On Thursday, a group of anonymous artists and activists dressed as MTA maintenance workers made some subtle yet powerful adjustments to the “If You See Something, Say Something” advertisements in New York subways.
New Yorkers will immediately recognize the MTA’s iconic, orange campaign posters, which feature photos of “regular New Yorkers” like Gregg T., Jo M. and Officer Chin alongside testimonials that recount their supposed paths to becoming everyday heroes by reporting suspicious behavior from fellow passengers.
The new campaign posters appear almost identical to the originals, but look closer and the testimonials have been changed to reflect the pressing fears stoked by our current political climate.
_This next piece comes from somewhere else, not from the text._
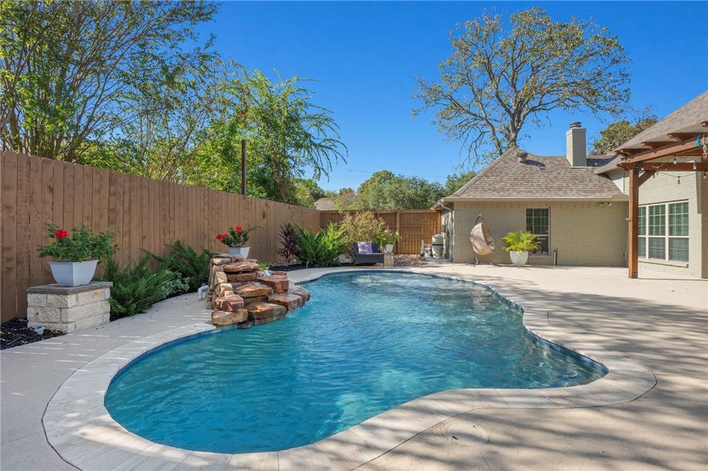 Discover this well-maintained oasis with abundant living space. The main brick house welcomes you with an open floorplan, featuring three bedrooms, two bathrooms, crown molding, soaring ceilings, new windows, and fresh paint throughout. The spacious living room flows seamlessly into the updated kitchen, which boasts new stainless-steel appliances, elegant countertops, modern hardware, and an extra-large pantry. Relax by the fireplace or enjoy the spectacular backyard, complete with an extensive patio, outdoor kitchen, fire pit, 8 ft privacy fence, and pool"”ideal for entertaining. The climate-controlled attached garage offers a private interior staircase to a versatile apartment, including two multi-purpose rooms, a kitchenette, and a full bath. Exterior stairs lead to the backyard and a 288 sq ft Casita, great for guests or a home office. This unique property is sure to impress with its thoughtful design and exceptional amenities. Close proximity to College Station schools, medical facilities, restaurants, and shopping. Minutes from TAMU.

“I felt like a hero reporting what I saw,” Melissa C.’s quote reads. “But what scares me more than an unattended package is an unattended politician. We have to keep an eye on how our representatives vote and hold them accountable.”
“I’m glad I was reminded to report that suspicious bag,” Jo says in her snippet. “But I wonder, when my own president uses a willing media to perpetuate a constant state of fear, who are the real terrorists and who profits off my panic?”
The five replacement ads also feature the hashtag #Resist, and a phone number connecting to the MTA safety line.
“I have no problem with the [original] MTA campaign,” an anonymous artist behind the subway ad remix explained in an interview with Hyperallergic. “It’s smart and it’s responsible — it was a backpack that was involved in the Boston bombing, so we should be on the lookout for suspicious bags, and I didn’t want to take that away from the ads. But to me, a campaign that’s telling you to be vigilant, but just say something when the problem’s already in front of you, is kind of useless. Let’s try to get a little bit more upstream from the problem. Where is the root of this problem?”
An artist also told Gothamist that the public intervention was inspired by President Donald Trump’s November victory. In the past few months, minorities in New York have been subject to violence and intimidation, from racist graffiti to bomb threats to fatal shootings. “I’m just more sensitive to every kind of message around me now that’s coming from a government agency,” the artist said.
Because the fake ads are technically illegal, the artists involved have elected to remain anonymous, a Gothamist reporter told The Huffington Post. And, in an effort to keep the posters circulating as long as possible, they ask the public not to disclose which subway lines they are on.
New Yorkers, on your next Subway commute, be vigilant. Both in terms of the safety of your fellow commuters and the potential for compelling activist art.